Every day he was being forced to dribble out more and more of the story. But he
had decided that one secret must never be revealed, even if members of his
Cabinet had to lie to Congress to keep it: his own personal involvement in the
U-2 and bomber overflights. Before the congressional meeting, Goodpaster called
Herter to emphasize the point. The "president wants no specific tie to him
of this particular event," he warned.
As Dulles
and Herter were on Capitol Hill, Eisenhower was meeting with members of his
National Security Council, warning them to avoid the press. "Our
reconnaissance was discovered," he said ruefully, "and we would just
have to endure the storm and say as little as possible." A short time
later, in what had become by now an almost laughable daily routine, Lincoln
White read still another statement, which contradicted the three previous
announcements. Now the administration was admitting to "extensive aerial
surveillance by unarmed civilian aircraft, normally of a peripheral character
but on occasion by penetration. Specific missions . . . have not been subject
to presidential authorization." With that, Eisenhower had drawn a line in
the sand. No matter what the cost, a blanket of lies must forever hide his
personal involvement in the ill-fated project.
From the
very beginning, he had had a sense that the overflight programs would end in
disaster. But his advisers, especially Allen Dulles and General Nathan Twining,
the chairman of the Joint Chiefs of Staff, had pushed and pushed and pushed. No
more. "Call off any provocative actions," the president ordered Gates
following a June 1960 Cabinet meeting, barely able to hide his anger. NSA's
peripheral ferret flights, however, could continue—as long as they remained in
international airspace. Then Eisenhower motioned for Herter and Goodpaster to
follow him into his office and told them in no uncertain terms that all further
U-2 overflights of the USSR would cease. "Inform Allen Dulles," he
said abruptly. The next day Eisenhower was to depart for Paris and a
long-awaited summit conference with Khrushchev. He wanted no more surprises.
Aboard his
four-engine Il-18, as it passed over the dark forests of Byelorussia on its way
to Paris, Khrushchev once again began smoldering over the timing of the U-2
mission. "It was as though the Americans had deliberately tried to place a
time bomb under the meeting," he thought, "set to go off just as we
were about to sit down with them at the negotiating table." He was
particularly concerned over his nation's loss of prestige within the Soviet
bloc. "How could they count on us to give them a helping hand if we
allowed ourselves to be spat upon without so much as a murmur of protest?"

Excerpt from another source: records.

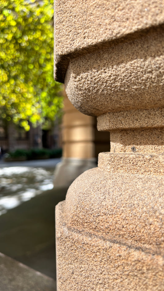 The details in the pillars of this historic building and the rough texture of the sandstone, its blocky angles and subtle curves inspired a series drawing on these features - stackable bands and one-of-a-kind rings with irreplaceably unique stones.
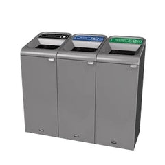 - Heavy-gauge steel recycler with a damage-resistant powder coat finish features contoured edges and magnetic connections that keep receptacles perfectly aligned to one another for a professional appearance
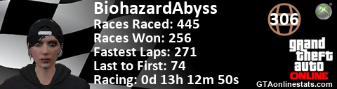 <a href="http://GTAonlinestats.com/showplayer/BiohazardAbyss"><img src="http://GTAonlinestats.com/racesignature/BiohazardAbyss/sig.png" alt="BiohazardAbyss" border="0" /></a>
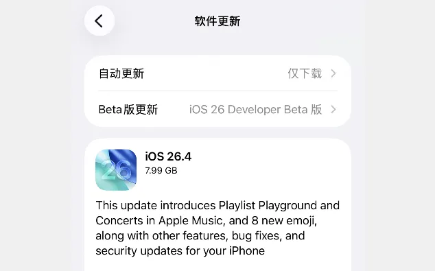 刚刚!苹果发布 iOS 26.4 RC 候选版,疑似下周发布正式版。
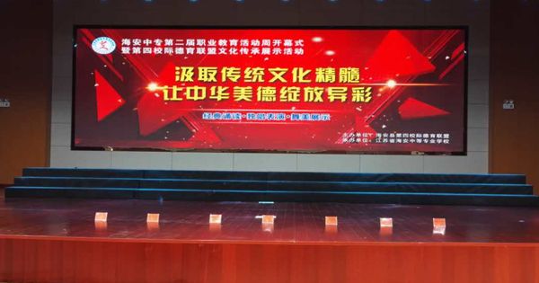 5月10日,江苏省海安中等专业学校第二届职业教育活动周开幕式暨德育联盟经典诵读活动在海安职教中心隆重举行。此次活动以蕴涵爱国主义、崇尚道德真善美的传统题材为主题,采用经典诗歌诵读的形式,以达到弘扬优秀文化,弘扬中华美德的目的。该活动有海安中专承办。我校作为第四德育联盟的成员也应邀参加。

The only solution was to demand a formal public apology from Eisenhower and a
guarantee that no more overflights would take place. One more surprise for the
American president.
But the
apology Khrushchev was looking for would not come. Despite having trespassed on
the Soviet Union for the past four years with scores of flights by both U-2s
and heavy bombers, the old general still could not say the words; it was just
not in him. He did, however, declare an end to overflights through the end of
his term. But it was not enough. A time bomb had exploded, prematurely ending
the summit conference. Both heads of state returned to Orly Airport for their
flights home. Also canceled was Khrushchev's invitation to Eisenhower for a
Moscow visit before leaving office. "We couldn't possibly offer our
hospitality," Khrushchev later said, "to someone who had already, so
to speak, made a mess at his host's table."